Failure of our internal controls over financial reporting could harm our business and financial results.
Our management is responsible for establishing and maintaining effective internal control over financial reporting.
Internal control over financial reporting is a process to provide reasonable assurance regarding the reliability of financial
reporting for external purposes in accordance with accounting principles generally accepted in the United States. Because of its
inherent limitations, internal control over financial reporting is not intended to provide absolute assurance that we would
prevent or detect a misstatement of our financial statements or fraud. Any failure to maintain an effective system of internal
control over financial reporting could limit our ability to report our financial results accurately and timely or to detect and
prevent fraud. A significant financial reporting failure or material weakness in internal control over financial reporting could
cause a loss of investor confidence and decline in the market price of our stock.

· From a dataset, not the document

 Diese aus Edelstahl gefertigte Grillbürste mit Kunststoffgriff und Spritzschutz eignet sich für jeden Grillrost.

Economic conditions could have a material adverse impact on our landlords or other tenants in retail centers in which
we or our franchisees are located, which in turn could negatively affect our financial results.

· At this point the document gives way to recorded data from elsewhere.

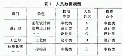 虽然不同企业的人员组织不同,但其角色设定及权限设定是大致相同的。因此,当企业的人员组织结构确定之后,即可确定人员数据模型。人员数据模型可用表格描述间,根据图2建立的人员数据表见表1。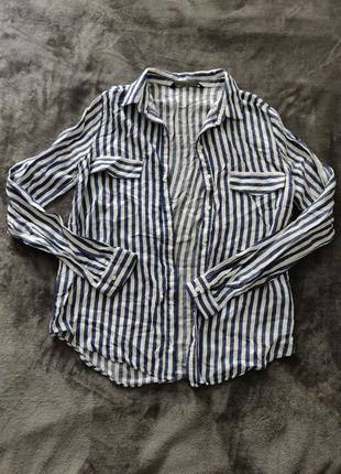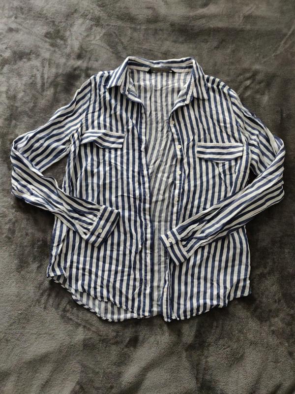 Базова сорочка з віскози, смужка сіня з білим, дуже приємна до тіла, легенька, літня. Розмір S-M, заміри: плечі 40, рукав 62, довжина по спині 65. Без дефектів. Можлива безпечна оплата або передоплата на карту. Відправлення НП і УП. Торг при замовленні від 3 одиниць товару. Дивіться інші мої оголошення❤️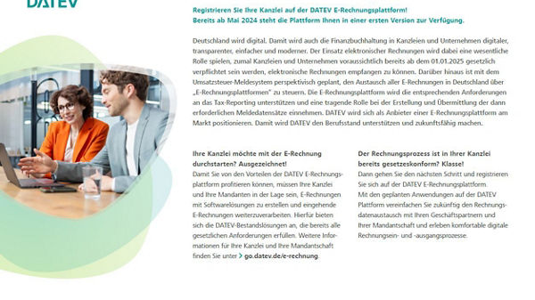 Der Austausch von Rechnungsdaten soll laut Plänen des Bundesfinanzministeriums künftig über Plattformen erfolgen. Da die Umsetzung rechtlicher Vorgaben zu den zentralen Tätigkeiten der DATEV zählt, wird die Genossenschaft eine eigene E-Rechnungsplattform anbieten.

Our landlords may be unable to obtain financing or remain in good standing under their existing financing arrangements,
resulting in failures to pay required construction contributions or satisfy other lease covenants to us. In addition other tenants at
retail centers in which we or our franchisees are located or have executed leases may fail to open or may cease operations. If
our landlords fail to satisfy required co-tenancies, such failures may result in us or our franchisees terminating leases or
delaying openings in these locations. Also, decreases in total tenant occupancy in retail centers in which we are located may
affect guest traffic at our restaurants. All of these factors could have a material adverse impact on our operations.
An impairment in the carrying value of our goodwill or other intangible assets could adversely affect our financial
condition and consolidated results of operations.
Goodwill represents the excess of cost over the fair value of identified net assets of business acquired. We review
goodwill for impairment annually, or whenever circumstances change in a way which could indicate that impairment may have
occurred. Goodwill is tested at the reporting unit level. We identify potential goodwill impairments by comparing the fair value
of the reporting unit to its carrying amount, which includes goodwill and other intangible assets. The fair value of the reporting
unit is calculated using a market approach. If the carrying amount of the reporting unit exceeds the fair value, this is an
indication that impairment may exist. We calculate the amount of the impairment by comparing the fair value of the assets and
liabilities to the fair value of the reporting unit. The fair value of the reporting unit in excess of the value of the assets and
liabilities is the implied fair value of the goodwill. If this amount is less than the carrying amount of goodwill, impairment is
recognized for the difference. A significant amount of judgment is involved in determining if an indication of impairment
exists. Factors may include, among others: a significant decline in our expected future cash flows; a sustained, significant
decline in our stock price and market capitalization; a significant adverse change in legal factors or in the business climate;
unanticipated competition; the testing for recoverability of a significant asset group within a reporting unit; and slower growth
rates. Any adverse change in these factors would have a significant impact on the recoverability of these assets and negatively
affect our financial condition and consolidated results of operations. We compute the amount of impairment by comparing the
implied fair value of reporting unit goodwill with the carrying amount of that goodwill. We are required to record a non-cash
impairment charge if the testing performed indicates that goodwill has been impaired.